В окошке замаячила круглоголовая, короткорукая фигура повара. Сысоев выбросил на прилавок три тарелки с кашей.

— Три-каш! — возвестил он. — Кому?

Подошел парень, свалил все три каши на одну тарелку, понес.

— Куча мала! — пробасил парень.

Повар бухнул на прилавок еще четыре тарелки.

— Четырь-каш! Забирай!

Утирая рот платочком, подошла женщина, забрала каши.

— Э-эх, ты! — Прасковья Семеновна укоризненно покачала головой. — Трикаш, двакаш… — Сысоев ты, Сысоев, смысла нет в тебе. С такой работы кашей сыт не будешь. Доходит до тебя или нет? Ужо вот директор-то приедет, поговорю с ним. Ей-богу, поговорю…

Повар на это ничего не сказал, сжал и без того маленький рот, исчез. На его месте появилась судомойка Лизавета.

— Чего там?

— Чего, чего! Восемнадцать первых подавай, чего!

Судомойка покосилась на девчачий стол быстрыми узкими глазами.

— Подождете. Посуды нет.

— А ты поживее поворачивайся, тарелок грязных навалом! Да и знать должна — люди придут.

Тетя Паша начала сердиться не на шутку, возвысила голос:

— Да я с тобой и разговаривать-то не хочу, подавай мне благоверного твоего, Сысоева! Чего он смылся-то?! Чтобы сейчас мне восемнадцать обедов на стол!

Тетя Паша крепко стукнула кулаком но прилавку.

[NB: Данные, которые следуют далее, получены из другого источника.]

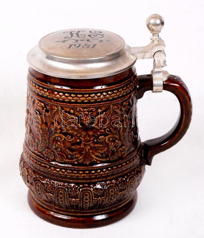 Leírás: Kerámia söröskorsó gravírozott fém fedéllel, jelzett, m: 15 cm
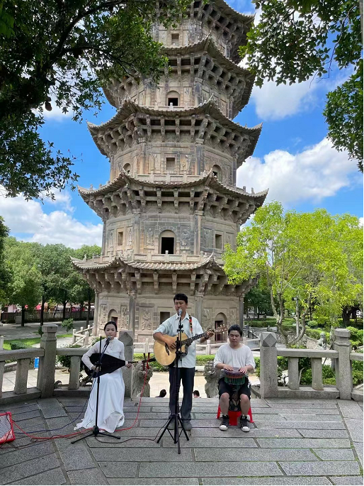 “古早南门有船入港,海上丝绸万里航”“南音讲古茶清香,甜点蜜味请客人”……一曲《刺桐》唱不完“涨海声中万国商”的繁华,道不尽“半城烟火半城仙”的闲适。该歌曲由原创音乐人张波作词、作曲并演唱,结合吉他、琵琶、手鼓等乐器,将闽南语民谣与泉州南音、梨园戏融合编曲。“歌词改了两次,原来是普通话版本,最终决定用闽南语来唱出我对泉州的感受,更加原汁原味。”张波介绍道。
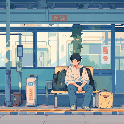 A girl waiting at a bus stop in Tokyo, looking around curiously with her back to us, in the style of anime, flat color illustration, street view of busy streets and buildings, traffic lights, street lamps, reflections on glass windows, light rain falling from the sky, high resolution, high quality, high detail, sharp focus, studio photo, intricate details, highly detailed, digital painting, artstation, concept art, smooth, sharp focus, bokeh background --ar 4:5 --niji 5
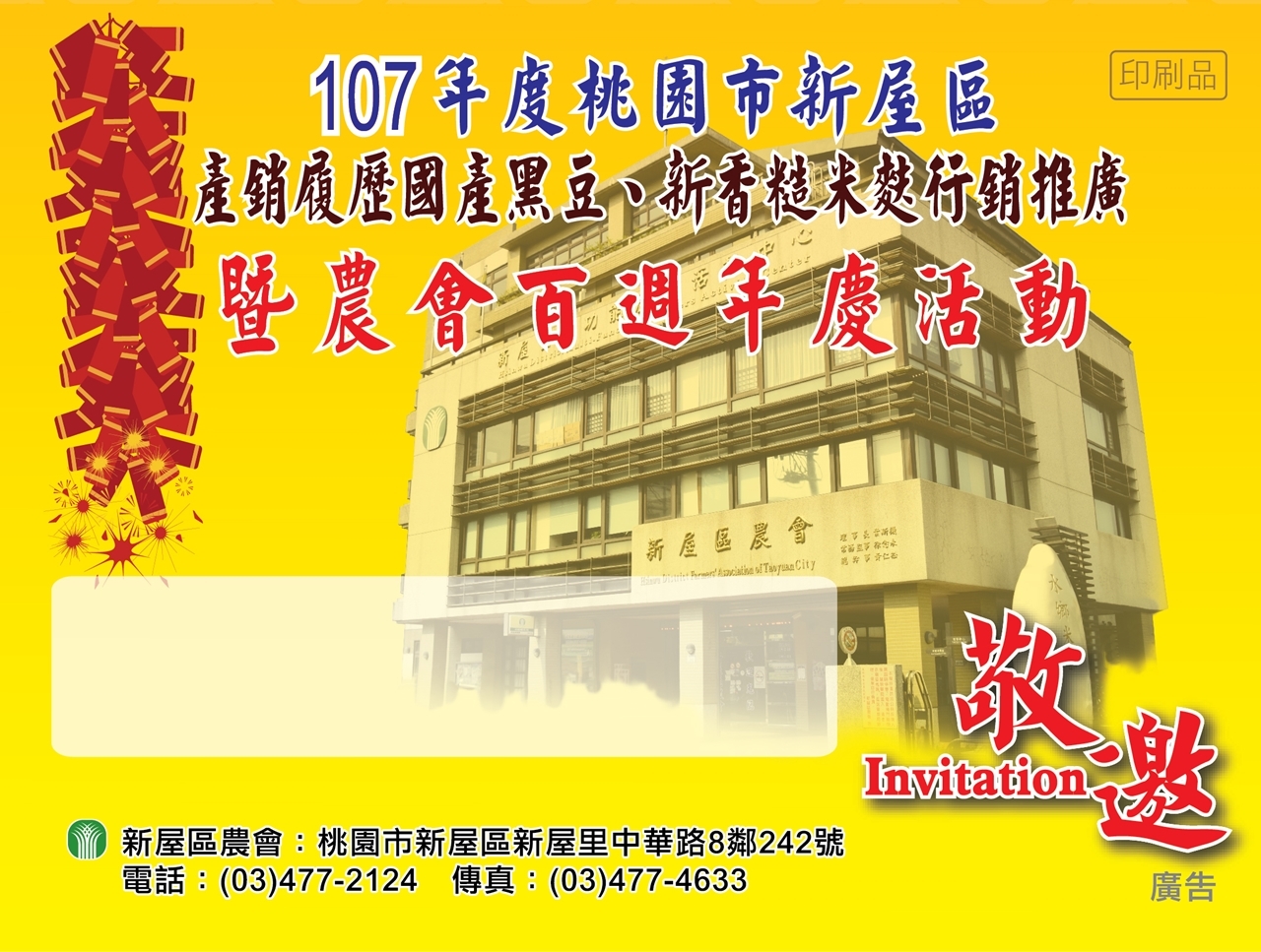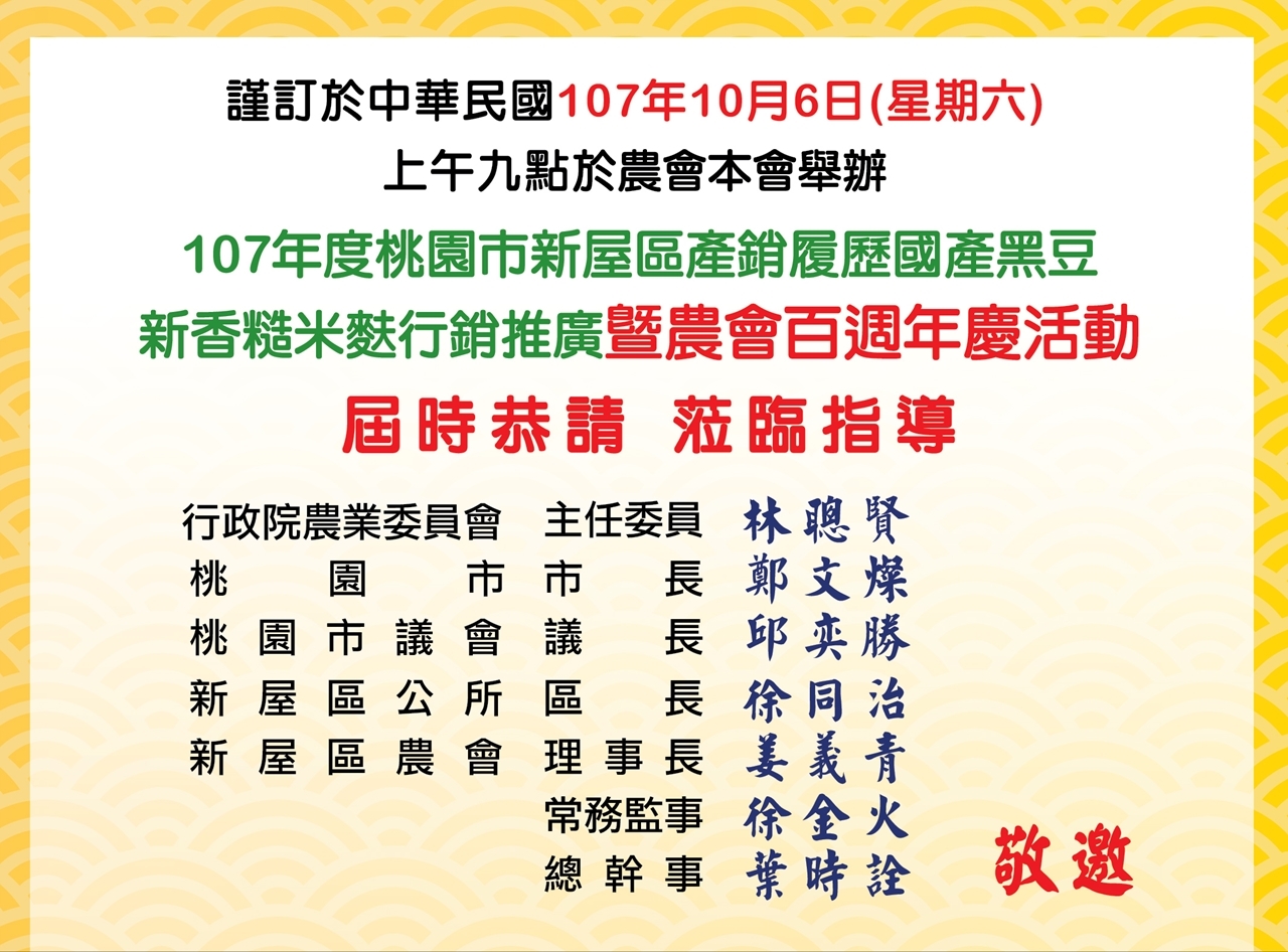 新屋區農會將目前達到的農業產銷成果展現在這次百周年慶活動,並邀請農委會主委林聰賢與桃園市長鄭文燦、桃園市議會議長邱奕勝與新屋區區長徐同治蒞臨指導!新屋區農會理事長常務監事總幹事,一同邀請民眾來新屋區農會更了解桃園新屋優質農產品!

Широкое желтоватое лицо судомойки качнулось в окошке, подбритые в ниточку брови скривились.

— Ты чего это галдишь, чего ты галдишь?

Быстренько возник Сысоев с горой тарелок на подносе.

— Лизавета, отойди… А ну, забирай перь-р-вое! Раз — кулеш, два — кулеш, три — кулеш…

Иришка с Любой подошли, стали принимать тарелки, относить на стол.

— Вот, наконец-то появляются первые ростки хорошего, — рассмеялась Ксана.

— Поздновато, поздновато, — весело зашумели девчата. — У нас уж животы подвело.

Иришка попробовала суп, поморщилась:

— Весьма слабые ростки. Солнца, что ли, не хватило?

— Зато воды хоть отбавляй, — проворчала Люба, — целое наводнение, вот что.

Все рассмеялись.

— Ничего, девки, — утешила тетя Паша, — завтра воскресенье, оладьями всех накормлю. Пораньше приходите, довольны будете. Всей гурьбой приходите.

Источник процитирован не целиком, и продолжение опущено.